Ja, ich war auf dem Weg zu mir selbst und fühlte mich immer besser. Es wurde immer stimmiger, ich kam besser mit mir klar. Ich habe mich so gut gefühlt wie noch nie im Leben, weil ich spürte, dass ich endlich ich selbst werde. Weil Handeln und Fühlen immer besser zusammen passten. Endlich war ich glücklich!
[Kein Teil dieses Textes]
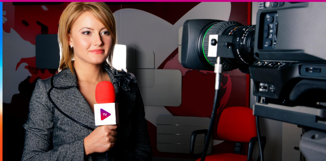
REPÓRTERES, JORNALISTAS E PRODUTORES

Trotzdem haben mein Alltag und die Hormone (Wechseljahresbeschwerden, Panikanfälle, Depressionen, Rückenschmerzen usw) dazu geführt, dass ich oft völlig unpassend reagiert habe. Egal, wie glücklich ich in dem Moment war, dieses Glücksgefühl war im Alltag meist überdeckt von irgendwelchen Problemen: 

Wenn man zum zehnten Mal misgendert oder blöd angesprochen wird, dann kann schon mal ein böser Spruch rausrutschen - weil ich mich "dank" Hitzewallungen und Rückenschmerzen gerade eh nicht unter Kontrolle hatte, und weil ich seit Wochen durch die Umstellung nicht einmal den Druck durch Weinen lösen konnte (inzwischen kann ich wieder weinen, das tut gut). Da hat sich vor allem körperlich so extrem viel angestaut, dass es bei all den oben genannten sozialen beruflichen psychischen Problemen einfach zuviel wurde. Manchmal bin ich wirklich am Zahnfleisch gekrochen. Und es gab auch ein paar einzelne Sitzungen, wo ich beim Therapeuten so halb zusammengebrochen bin. Situationen, wo ich zu Hause einfach nur noch rumgeschrien habe oder am liebsten verzweifelt geheult hätte (wenn ich gekonnt hätte). Und in denen ich lieben Menschen ziemlich unschöne Dinge an den Kopf geworfen habe. 

Jup, war verdammt anstrengend mit mir. Und auch, wenn ich mich immer besser leiden konnte - gab es viele Momente, in denen ich mich einfach nicht mehr ausstehen konnte. Pubertät eben. Scheiß Zeit. Aber notwendig. Ich bin dankbar, dass so viele Menschen das mit mir zusammen durchgestanden haben, zu mir gehalten haben und bei mir geblieben sind.